Search the entries for the word "องเร" and return every line where it is found.

## Items from a data source
● ● ● ● ● ● ●
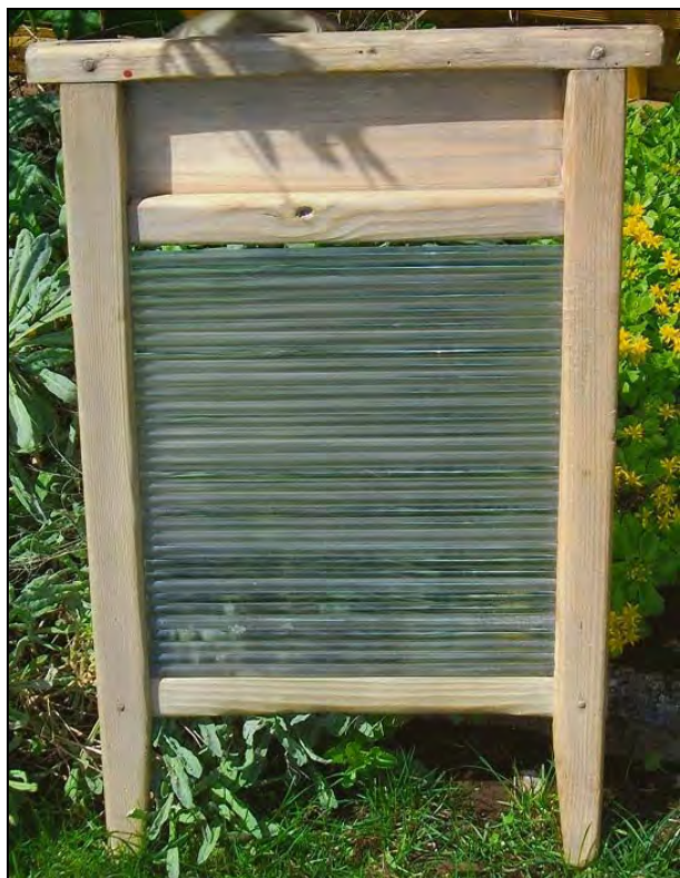
Abb. 2011-3/315 Waschbrett mit gläsernem Einsatz, Rahmen Buchenholz Holzrahmen H 58 cm, B 35 cm Glasfläche H 31 cm, B 28,5 cm wagrecht 33 bewegliche Glasstäbe, D 0,7 cm Sammlung Boschet Hersteller unbekannt, Deutschland, 1930-er Jahre
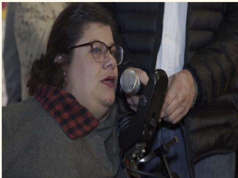
Emis Calderón Iniciativa: Fundación Arteboca
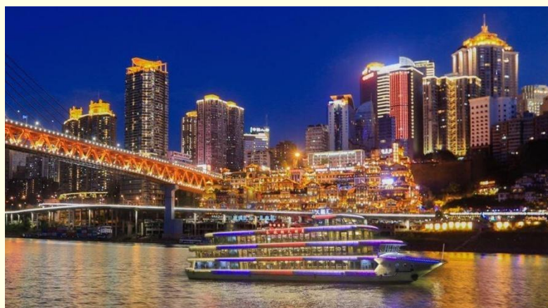
Option เสริม ล่องเรือราตรีชมแม่น้ำสองสาย

*ราคาทัวร์นี้ยังไม่รวมค่าบริการค่าล่องเรือ สำหรับท่านที่สนใจจะมีค่าบริการท่านละ 300 หยวน (ราคาอาจมีการเปลี่ยนแปลง กรุณาตรวจสอบราคาก่อนซื้ออีกครั้ง)*
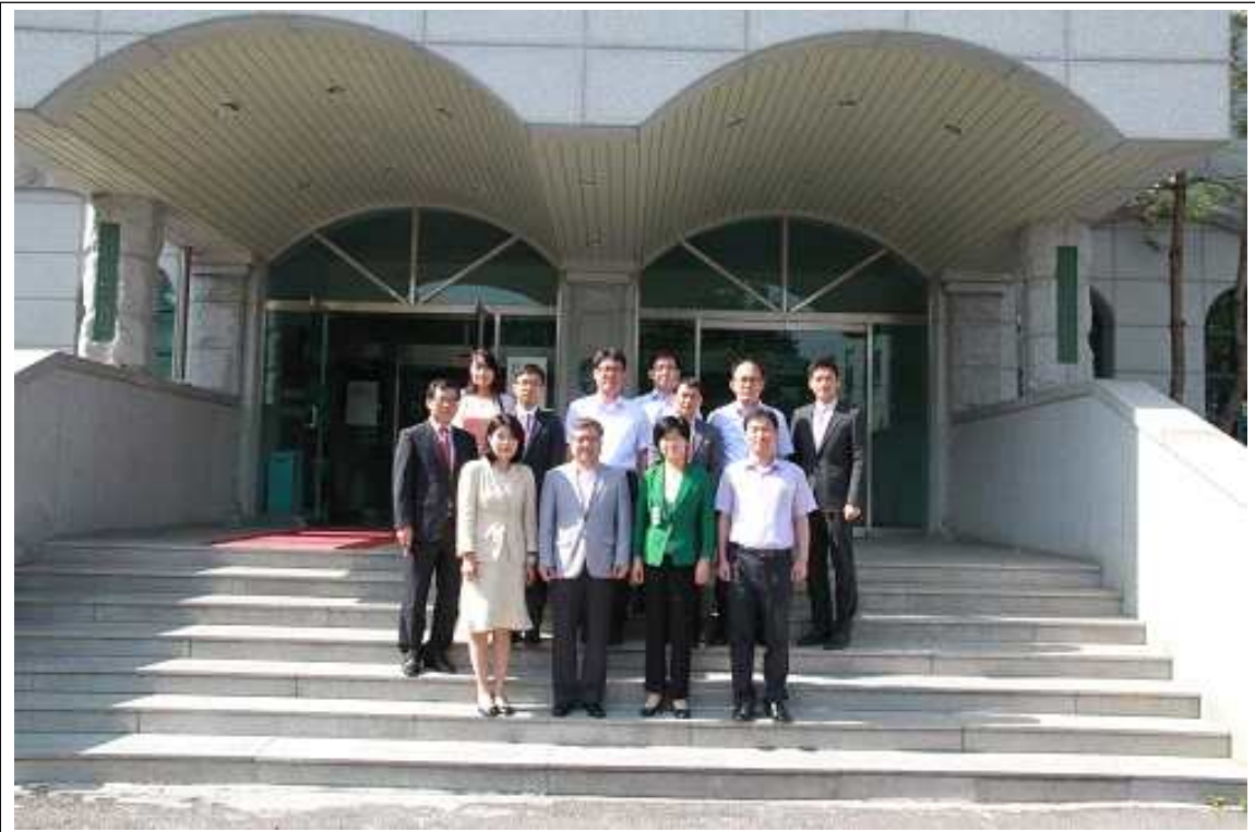
국방기관 업무평가 위원 현장방문 (2014.07.10.)
● ● ● ● ● ● ●
## SOLUTION
Option เสริม ล่องเรือราตรีชมแม่น้ำสองสาย
*ราคาทัวร์นี้ยังไม่รวมค่าบริการค่าล่องเรือ สำหรับท่านที่สนใจจะมีค่าบริการท่านละ 300 หยวน (ราคาอาจมีการเปลี่ยนแปลง กรุณาตรวจสอบราคาก่อนซื้ออีกครั้ง)*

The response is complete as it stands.